Collected data
....

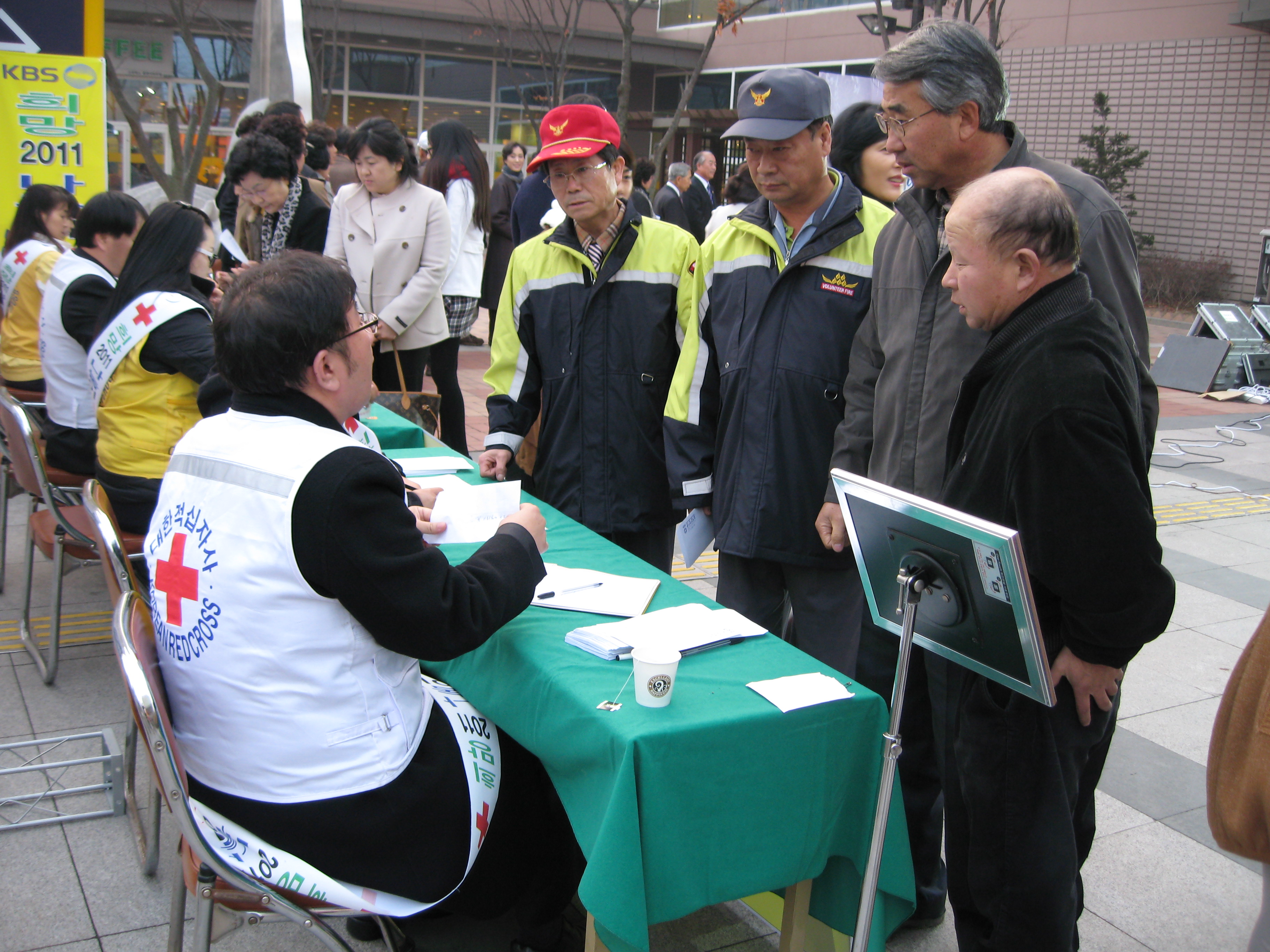 춘천의용소방대(대장 이돈균)에서는 12월2일 춘천 이마트 앞에서 KBS와 대한적십자가 주최하는 "희망 2011 나눔이 사랑입니다" 행사에 참석하여 대원들이 모은 소중한 성금을 전달하였습니다. 또한 이용갑 부대장님의 인터뷰가 생방송으로 방송되었습니다. 춘천시의용소방대는 앞으로도 어려운 이웃과 함께하는 봉사단체가 될것입니다.
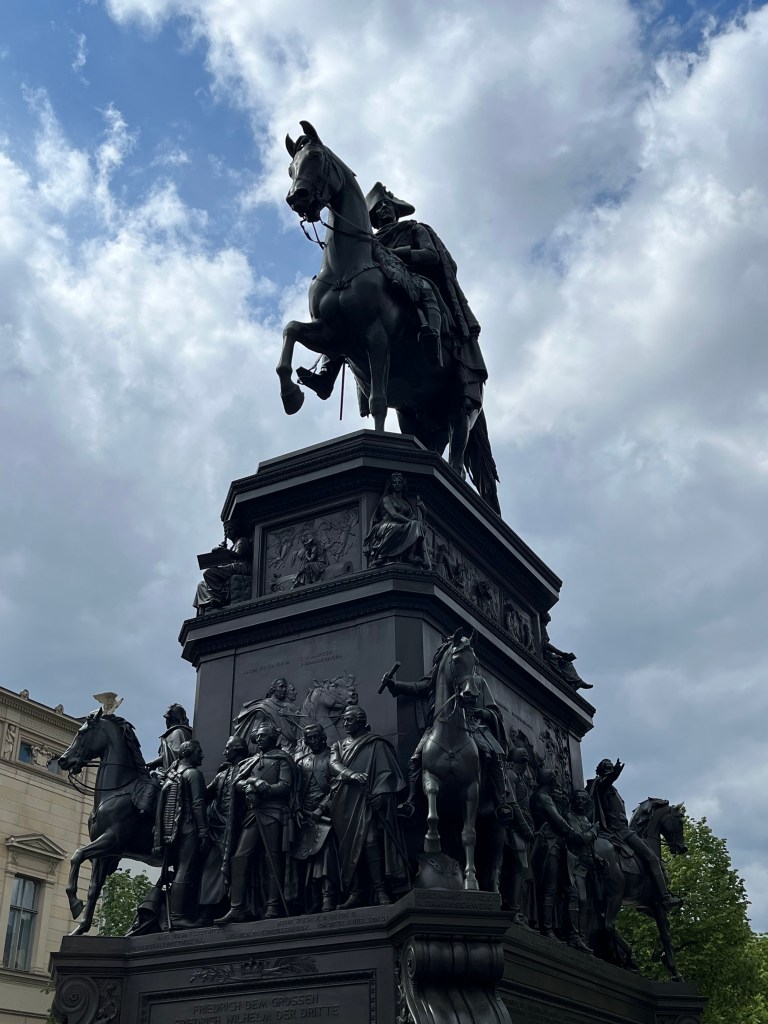 As our guide explained during yesterday’s bike tour, Frederick the Great (Frederick II) wanted to be outside of Berlin owing to his obsession with privacy. He let his younger brother, Heinrich, live in the two city palaces. Young Frederick is alleged to have had two intimate male friends, one of whom was beheaded by his father while he was forced to watch. Although Prussia was a garrison state during his father’s reign, young Frederick preferred more rarified pursuits, including music, philosophy and art. He was a close friend of Voltaire, from whom he acquired his humanistic character. Nonetheless, he developed notable military prowess after becoming king, and after a series of successful military campaigns, especially against Austria, he established Prussia as a major European power and greatly expanded his crown lands.
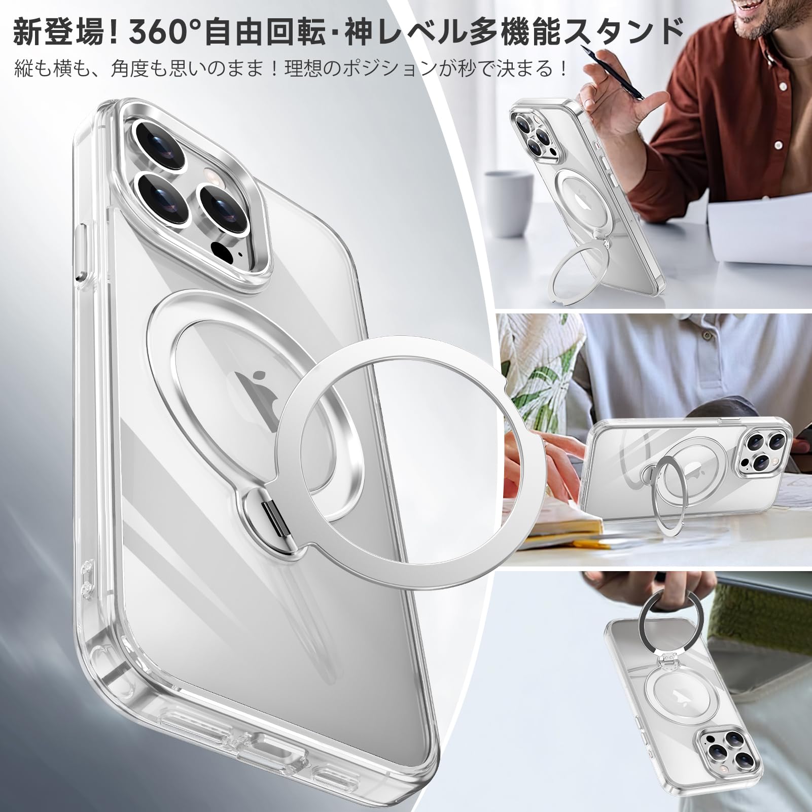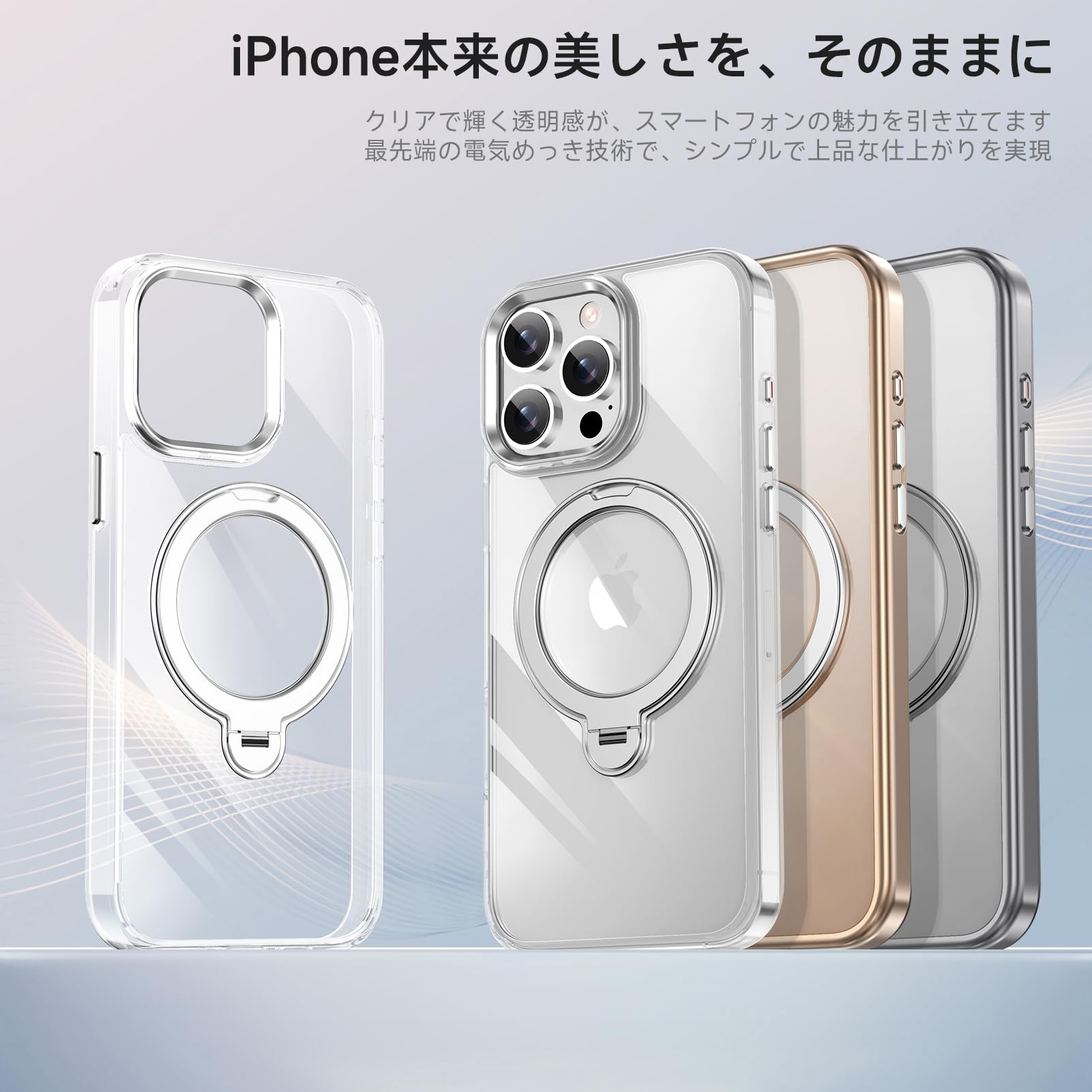 【透き通る上質感・多機能360°回転スタンド】KMAMBNG iPhone 15 Pro 用 ケース Magsafe対応【耐衝撃・金属感・真空メッキ・黄変防止・ストラップホール付き】縦横両立 角度自在 調整可能 磁吸機能でワイヤレス充電対応 おしゃれ スマホケース (クリア, iPhone 15 Pro)
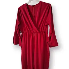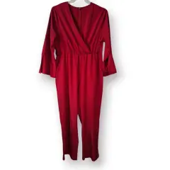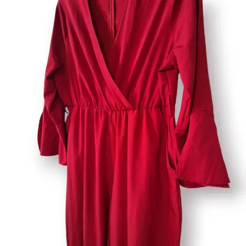 Jumpsuit Fiusha Manga Campana, con bolsas laterales, cierre en espalda y escote cruzado. Medidas de axila a axila 55cm cintura 45cm estira hasta 55cm, largo 144cm
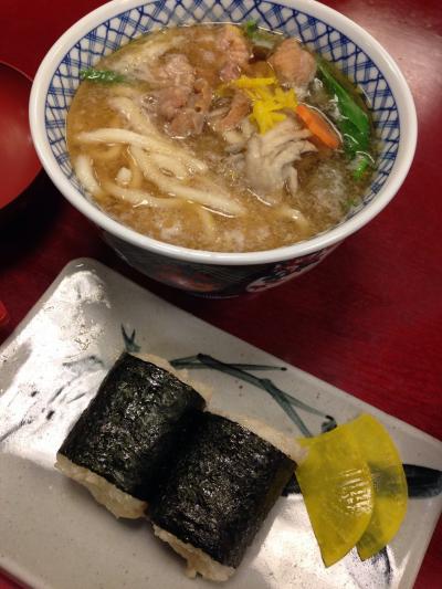 大きなおむすびが有名ですが、私はうどんとおむすびのセットを頼みました。柚子の香りがするうどんはカラダが温まって、優しいお味でした。周りはご年配の方が多かったです。- 旅行時期
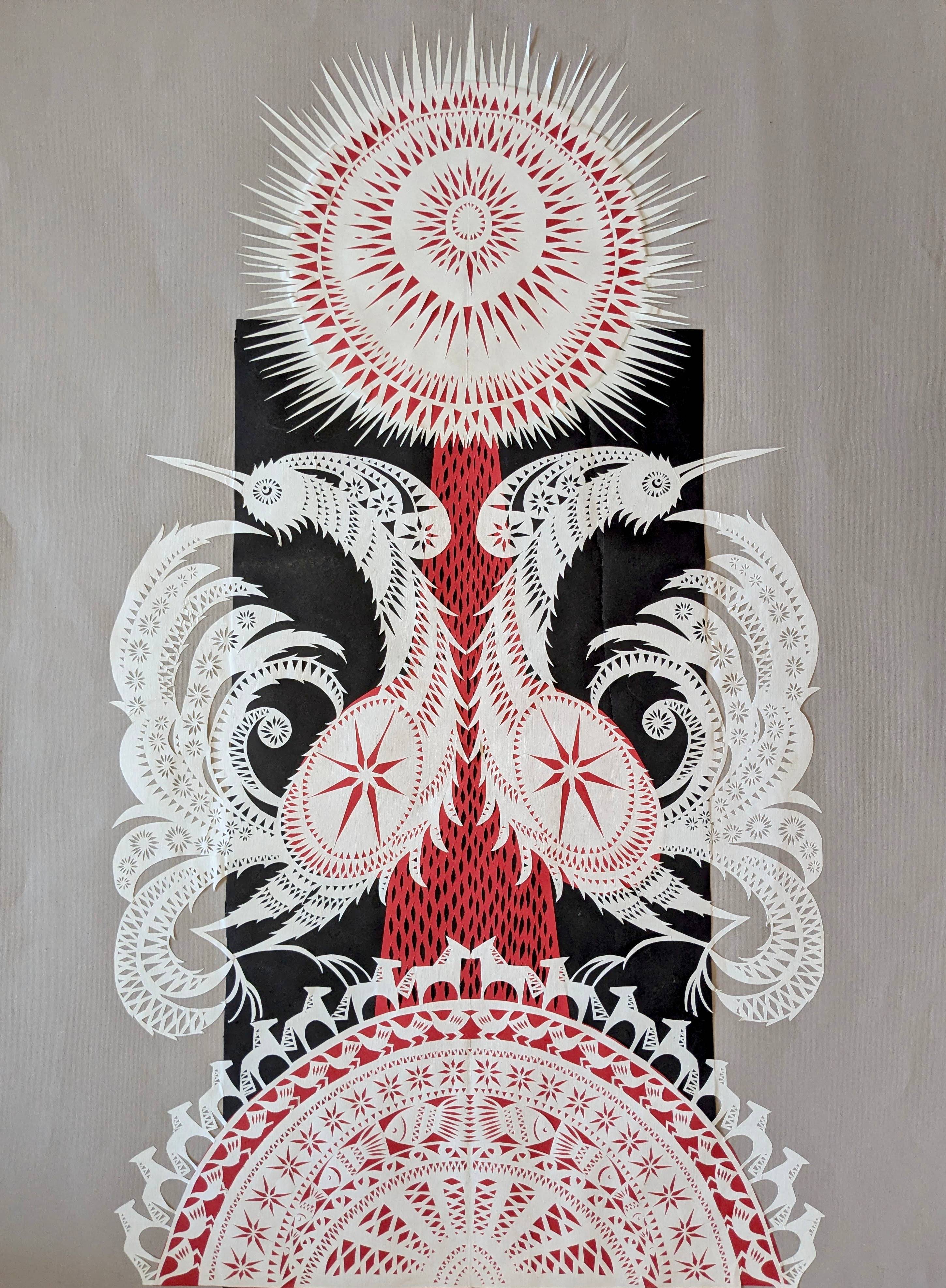 The vytynanka “From the Earth to the Sun” is a Ukrainian image of the universe, in which everything that lives is interconnected: from the depths of the earth to the radiance of the heavens. It symbolizes the path of human life and spiritual growth.
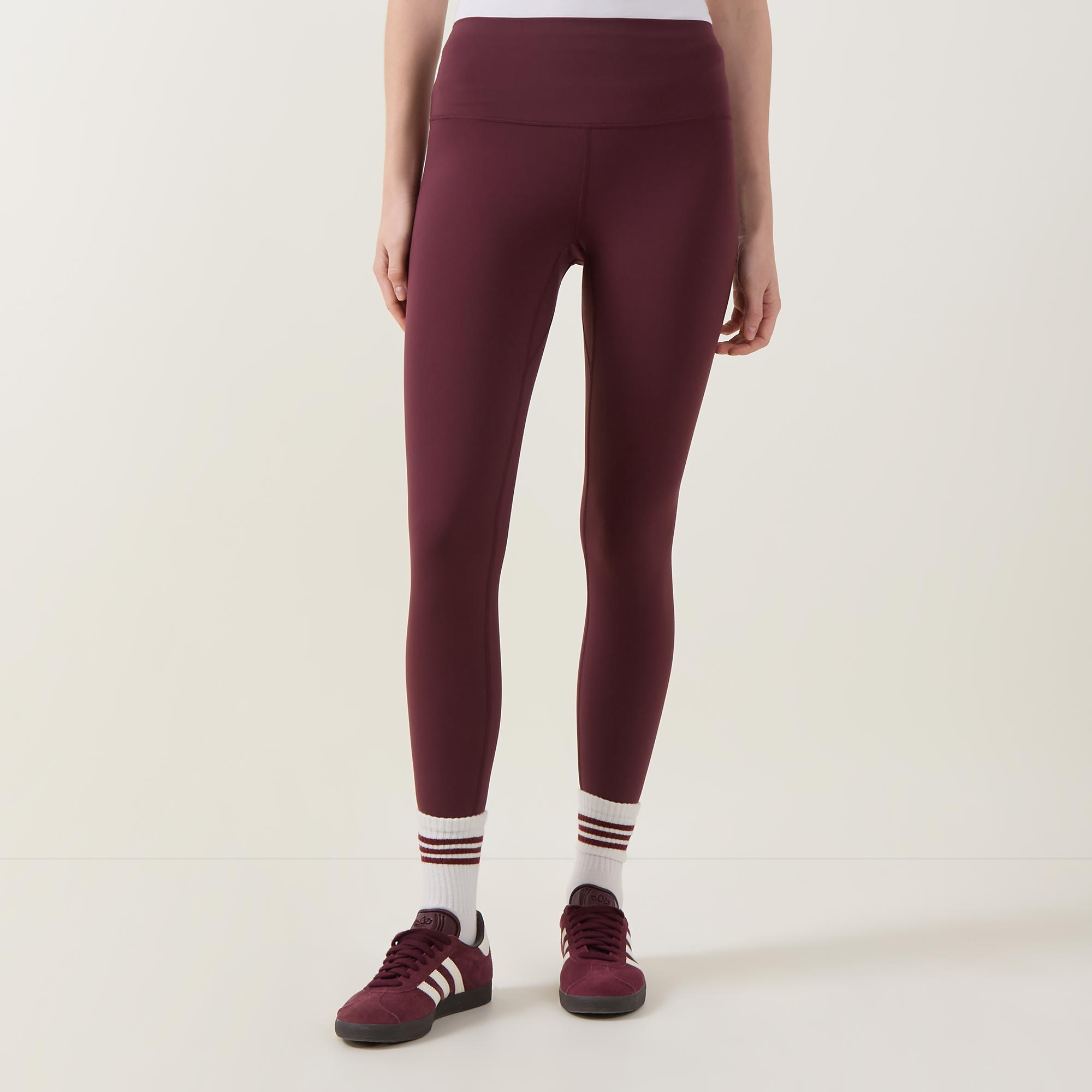 • High-rise, rolled waistband, tapered inseam panel, four-way stretch, moisture-wicking, light compression, FreeSoft™ fabric, buttery soft finish

....

■ TASK TO COMPLETE ■
Reproduce exactly, and only, the lines that begin at the one containing "iPhone 15 Pro)" and end with the final line of the data, both included, while omitting every picture.

■ WRITTEN ANSWER ■
 【透き通る上質感・多機能360°回転スタンド】KMAMBNG iPhone 15 Pro 用 ケース Magsafe対応【耐衝撃・金属感・真空メッキ・黄変防止・ストラップホール付き】縦横両立 角度自在 調整可能 磁吸機能でワイヤレス充電対応 おしゃれ スマホケース (クリア, iPhone 15 Pro)
 Jumpsuit Fiusha Manga Campana, con bolsas laterales, cierre en espalda y escote cruzado. Medidas de axila a axila 55cm cintura 45cm estira hasta 55cm, largo 144cm
 大きなおむすびが有名ですが、私はうどんとおむすびのセットを頼みました。柚子の香りがするうどんはカラダが温まって、優しいお味でした。周りはご年配の方が多かったです。- 旅行時期
 The vytynanka “From the Earth to the Sun” is a Ukrainian image of the universe, in which everything that lives is interconnected: from the depths of the earth to the radiance of the heavens. It symbolizes the path of human life and spiritual growth.
 • High-rise, rolled waistband, tapered inseam panel, four-way stretch, moisture-wicking, light compression, FreeSoft™ fabric, buttery soft finish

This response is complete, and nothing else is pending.